55 For completeness I should also note that 1918 Finance has agreed to execute the funding deed and also supports the orders extending the convening period and limiting the administrators' personal liability as sought in the application heard by me.
56 Finally, and before discussing the relevant principles, let me turn to the question of the funding of New Zealand Vacuum Cleaner Co Ltd (the NZ entity), which is a member of the Godfreys group although incorporated in New Zealand.
57 In the ordinary course of business, the NZ entity was supplied with stock on credit by Electrical Home-Aids. The amount owing was recorded in the books and records of Electrical Home-Aids and the NZ entity as an amount owing to Electrical Home-Aids.
58 The NZ entity is likely to be able to meets its administration debts and liabilities in the ordinary course. However, it is possible that the NZ entity may require support from Electrical Home-Aids by being supplied goods on credit or by cash transfers from Electrical Home-Aids during the administrations.

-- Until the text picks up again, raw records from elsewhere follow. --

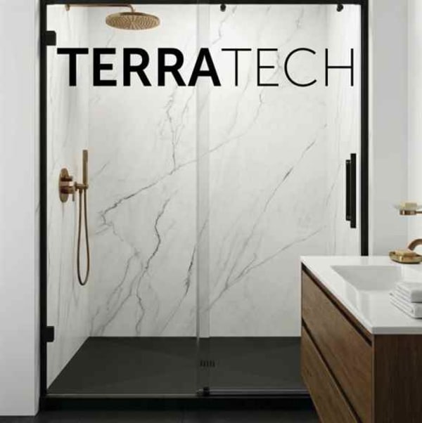 $9,995 "Forever" Shower. Includes labor and material for sintered stone walls with a solid surface base.
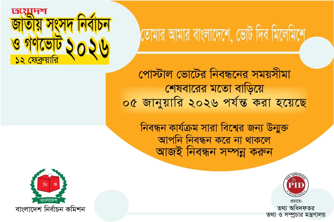 পোস্টাল ভোটের নিবন্ধনের সময়সীমা শেষবারের মত বাড়িয়ে ০৫ জানুয়ারি ২০২৬ পর্যন্ত করা হলো।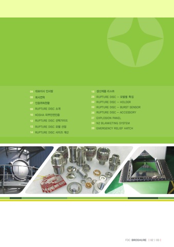 16 %uc0dd%uc0b0%uc81c%ud488 %ub9ac%uc2a4%ud2b826 RUPTURE DISC - %ubaa8%ub378%ubcc4 %ud2b9%uc9d5 32 RUPTURE DISC - HOLDER32 RUPTURE DISC - BURST SENSOR 36 RUPTURE DISC - ACCESSORY37 EXPLOSION PANEL38 N2 BLANKETING SYSTEM39 EMERGENCY RELIEF HATCHFDC BROSHURE | 02 | 03 |04 %ub300%ud45c%uc774%uc0ac %uc778%uc0ac%ub9d006 %ud68c%uc0ac%uc5f0%ud60107 %uc778%uc99d%ucde8%ub4dd%ud604%ud66908 RUPTURE DISC %uc18c%uac1c10 KOSHA %uc758%ubb34%uc548%uc804%uc778%uc99d12 RUPTURE DISC %uc120%ud0dd%uac00%uc774%ub4dc13 RUPTURE DISC %ubaa8%ub378 %uc120%uc81514 RUPTURE DISC %uc0ac%uc774%uc988 %uacc4%uc0b0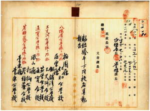 一〇 勅語謄本下附校ニ付キ桃園庁仕和公学校ヲ八塊厝公学校ニ、苗栗庁銅鑼湾公学校三叉河分校ヲ三叉河公学校ニ、苗栗庁苑里公学校通霄分校ヲ通霄公学校ニ、鳳山庁打狗公学校苓雅リョ分校ヲ令雅リョ公学校ニ、台東庁台東公学校成広澳分校ヲ成広澳公学校ニ内務大臣宛校名異動報告ノ件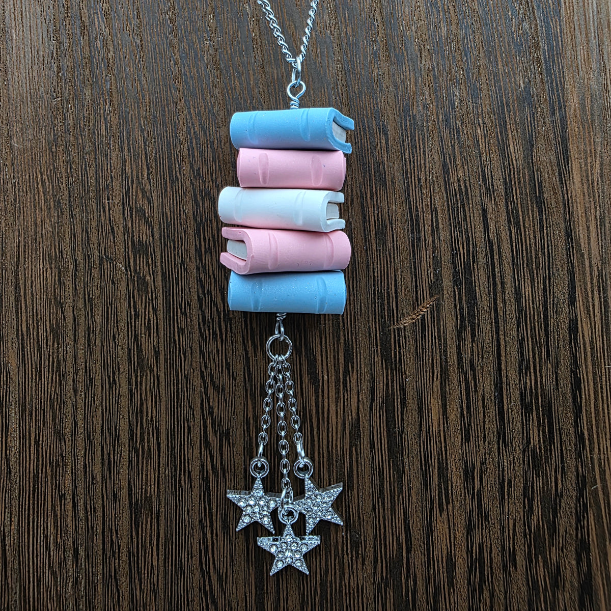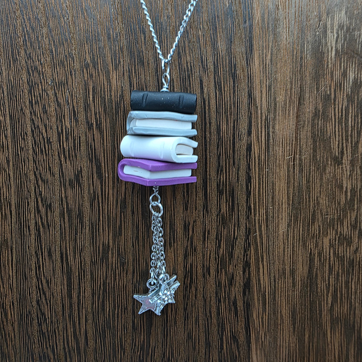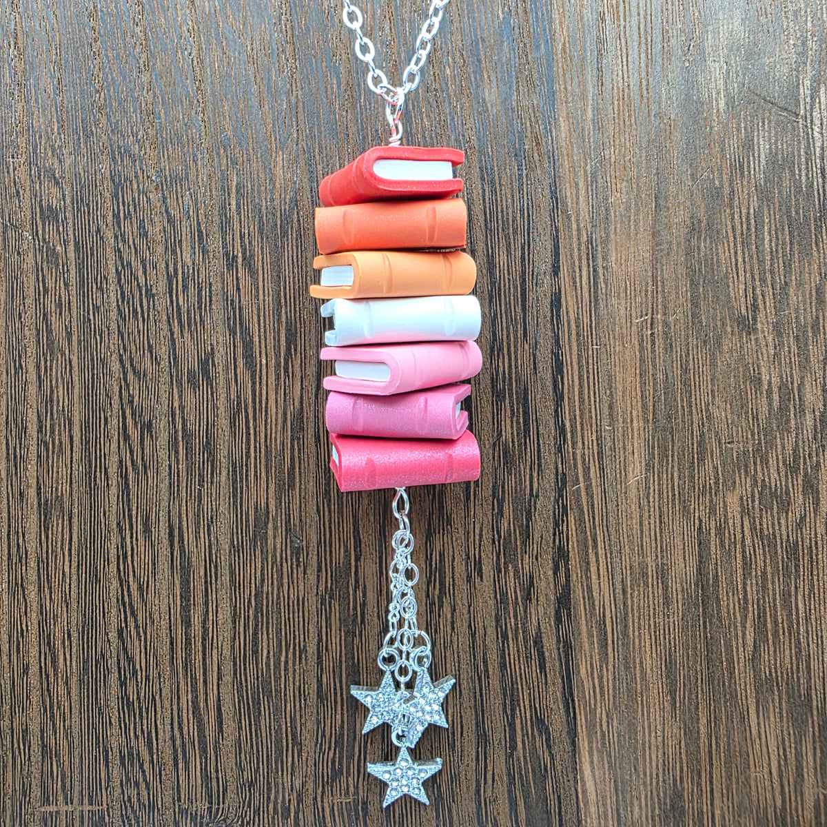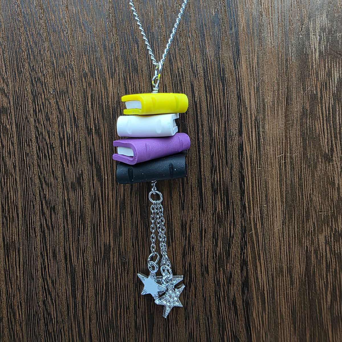 Pendants made from stacks of handmade polymer clay books with stars hanging beneath them. Available in the colors or various pride flags! Books are all made individually, so they are able to turn on the pendant.

59 Accordingly, the administrators seek orders permitting Electrical Home-Aid to supply and fund the NZ entity in order to enable the NZ entity to continue to trade. The orders also provide for related relief from personal liability.
60 Mr Crosbie believes that the continued trading of the NZ entity will give the best possible chance for the business as a whole to be sold as a going concern, thereby maximising the potential return to creditors.
61 No other funding has been offered to the NZ administrators in respect of the NZ entity, including from 1918 Finance.
62 If the NZ entity ceases to operate, the value of that business as a going concern would be lost and any remaining components of the business would be of lesser value, reducing significantly the return to creditors in New Zealand.
63 The NZ entity's operations are an integral part of the Godfreys group and its business. Any diminution in the value of the NZ entity's business will cause a consequent diminution in the value of the business as a whole. Now even though funding and supply of the NZ entity by Electrical Home-Aids may lead initially to fewer assets being available for distribution to creditors of Electrical Home-Aids, funding and supply of the NZ entity will assist to preserve the overall value of the business.
64 Accordingly, it is said that it is in the best interests of the creditors of Electrical Home-Aids that the administrators and Electrical Home-Aids be permitted to fund and supply the NZ entity. Further, a direction is sought that the administrators are justified and acting reasonably in entering such funding and supply arrangements.